What happened in Kampala was just the beginning," he warned in his latest broadcast, gloating over Sunday's twin suicide bombings in the Ugandan capital, in which Shebab-backed "martyrs" slaughtered 76 people as they watched the World Cup final. "If Uganda and Burundi do not withdraw their troops from Somalia, there will be more bombings like these." Delivered with the same fiery rhetoric with which he recently declared himself "at Osama bin Laden's service", Godane's warning confirmed what many outside Somalia have long dreaded: that the Shebab, which has imposed a Taliban-style regime across much of the anarchic, war-torn land, would one day begin exporting its brand of Islamist violence to the wider world.
Last Sunday's attacks, designed to punish both Uganda and Burundi for providing troops to support Mogadishu's shaky Western-backed provisional government, marked the first time the group had struck outside its own borders.
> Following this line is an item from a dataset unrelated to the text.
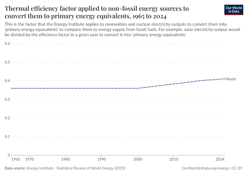 Energy Institute - Statistical Review of World Energy (2025) – with major processing by Our World in Data. “Thermal equivalent efficiency factors” [dataset]. Energy Institute, “Statistical Review of World Energy” [original data]. Retrieved March 2, 2026 from https://add-force-datapage.owid.pages.dev/grapher/thermal-efficiency-factor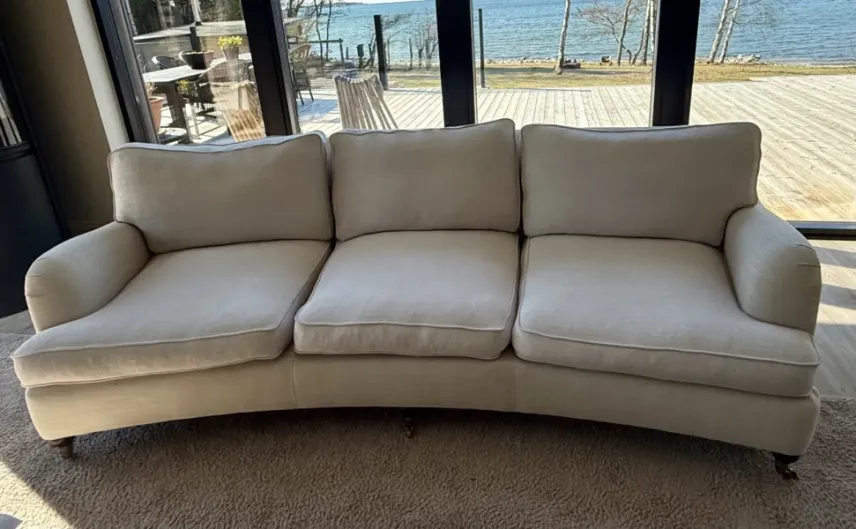 Stilren svängd Howard-soffa i 3,5-sits med hög komfort. Kuddarna har dunfyllning och avtagbara överdrag.

Now, having proved the Shebab's credentials as the world's newest international terrorist group, security officials fear it is only a matter of time before Godane, also known as Abu Zubayr, orders similar attacks against the West.
"This is a move into a different league altogether, and will put Godane and al Shebab on the world map," one Nairobi-based security official told The Sunday Telegraph. "He is very much of the international jihads mindset, and wants Islamic rule across the world, from Somalia to Alaska."
Just like the piracy crisis off Somalia's coastline, the Shebab's declaration of wider war is a sign of how Somalia's problems are becoming those of the wider region. The Ugandan president, Yoweri Museveni, whose security forces yesterday arrested 20 people in connection with the bombings, has called for more troops to be sent Somalia, this time not as bodyguards to the government, but to hunt down the Shebab. "We are going on the offensive and will get these people," he vowed, calling on other African nations to help beef up the force from its current 5,000 to at least 20,000.
But many fear that would play directly into Godane's hands, allowing him to raise the spectre of a foreign "invasion" against which more Somalis would flock to the Shebab. Such a scenario could ignite a region-wide conflict, pitting the mainly Christian nations of the rest of East Africa against the predominantly Muslim population of Somalia.